Characteristics and cultivation of saffron (Crocus sativus)

The saffron is an indispensable food for any kitchen for the production of dried stigmas famous as a spice. In addition, as an ornamental it is also usable for our garden, given the colorful set of its leaves. If you are interested in knowing how saffron is grown, let’s see it right now!


The Crocus sativus and extraction of saffron has an ancient history . In 2,300 a. C. there were already references about it, and it was used in the kitchen, for medicinal remedies, rites and ceremonies, etc. The Greeks used it particularly as a perfume, where they spread it in theaters, patios and baths. An anecdote is that Rome was wrapped in saffron when Nero made his entrance.

Today it does not have so many applications, or at least related to the previous options. It is widely used in gastronomy and medicine . The main producer of this plant of the Iridaceae family (2,000 species distributed throughout the world and one of the most important in horticulture) is Iran , followed by other countries such as Spain, Morocco, Greece and India.

And now, after the historical introduction that we have made about the cultivation of saffron, we come to know its agricultural value.



The saffron is a plant that supports a wide range of temperatures , ranging from -15 ° C to the 40 ° C. Above all, the Manchego climate has the best conditions, where in summer it is very hot and in winter it is very cold, which is what Crocus sativus is used to.

On the other hand, soil conditions (structure, porosity, drainage, etc.) are much more important than climatic conditions. Let’s see it.


Saffron is a bulbous plant and therefore needs well-drained soils (which do not rot the bulb). For this reason we must avoid heavy soils or that accumulate excess moisture. The deep limestone soils are perfect for cultivation, with a medium amount of organic matter. Remember that saffron depletes the soil and it is necessary to take advantage of the mineral sources produced by the compost first .

In fact, once saffron has been collected from a plot, it is usually left to rest without cultivating Crocus sativus again (but other plants from different families) for around 10 years.

Usually it prepares the ground prior to planting plowing between 30 and 40 cm . With this we will achieve an increase in the porosity of the soil, and the ideal mixture of compost.

This work is usually done several months before planting, which runs from June to September, leaving 10 cm of separation between the bulbs, burying them at a depth of between 10 and 15 cm.


The fertilizer is usually applied in the work of turning the earth , and is usually done between 3 months and 1 month before, depending on the state of the soil. Well decomposed organic matter, such as manure or compost, is applied and distributed evenly within the frame where we want to plant the saffron. In 1 square meter you can add between 1 kg and 1.5 kg of organic matter, although it will depend on the quality of the product when adding more or less.

Saffron is a plant used to hot climates where there is no excess water (Greece, Spain, Morocco, Iran, etc.). Large producers tend to irrigate infrequently but in large quantities. On the other hand, it has been shown that localized irrigation increases stigma yield. In short, saffron does not need large amounts of water


Saffron is a small plant and is often seen surrounded by other plants and weeds. You can do a manual weeding or cleaning if your crop is small (and is more focused on ornamental). It is a task to be done since for large producers to say that the growth of weeds can mean a loss of up to 20% of the saffron production.

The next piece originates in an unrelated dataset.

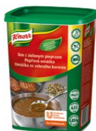
Pepřová omáčka 0,85 kg
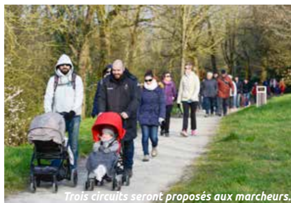
Trois circuits seront proposés aux marcheurs.

Dimanche 2 avril, se déroulera le Tour de Rezé. Cette année, ce n'est pas une mais trois boucles qui seront proposées aux marcheurs. Histoire que chacun, quel que soit son niveau, puisse trouver son bonheur. Les plus aguerris s'attaqueront, sans hésitation, aux 18,5 km. Bords de Sèvre, quai de Trentemoult, balade le long de l'Îlette et de la Jaguère, la promenade se fera au fil des cours d'eau qui bordent la commune. Pour les marcheurs occasionnels, une variante de 10,4 km est possible. Elle propose de couper à travers la ville à partir de Ragon pour rejoindre le quartier Pont-Rousseau. Quant aux familles, un circuit sous les bois de 6,2 km les accueillera. Cette randonnée sera l'occasion de (re)découvrir quelques trésors du patrimoine rezéen : les maisons à tuiles rouges du village de l'Aufrère, la traversée de l'Îlette sur pilotis ou encore la tour de la Guzoire. Le plus dur sera de faire un choix !

Saffron cultivation does not last more than 3 years. There have been cases where a 4th year continues to be produced, but it is not entirely advisable, as the performance drops too low.

The bulbs are collected , the impregnated soil is cleaned and removed and those bulbs that are larger and that visually have higher quality are preserved. They are usually stored at temperatures of 5 to 10 ºC extended (so that the entire surface is aerated) and they are not piled up.


Tell you as an anecdote that due to its complicated collection process (it takes between 100,000 and 250,000 flowers to collect 1 kg of saffron, depending on the thickness of the stigma) the economic values ​​that are achieved are brutal. That kg of saffron stigmas that we have mentioned before costs around 3,000 euros .


Only 0.8% of saffron production in Spain comes from… Spain! The saffron from La Mancha is considered pure gold for its good features and its price is around € 3,000 per kg. However, of the actual production of 1,500 kg (in 2010), about 190,000 kg were exported under the Spanish brand.

The “trick” was to buy from other countries such as Iran, Greece, Morocco and India and pack it with a Spanish label, which, however, the packer has never been obliged to specify its origin. It is not a crime but it is misleading and fraudulent.

The kilogram of saffron in other countries reaches much lower values, between 1,000 and 1,500 euros, and yet it is sold as a Spanish product for 3,000 euros.

The business is profitable. Careful with that.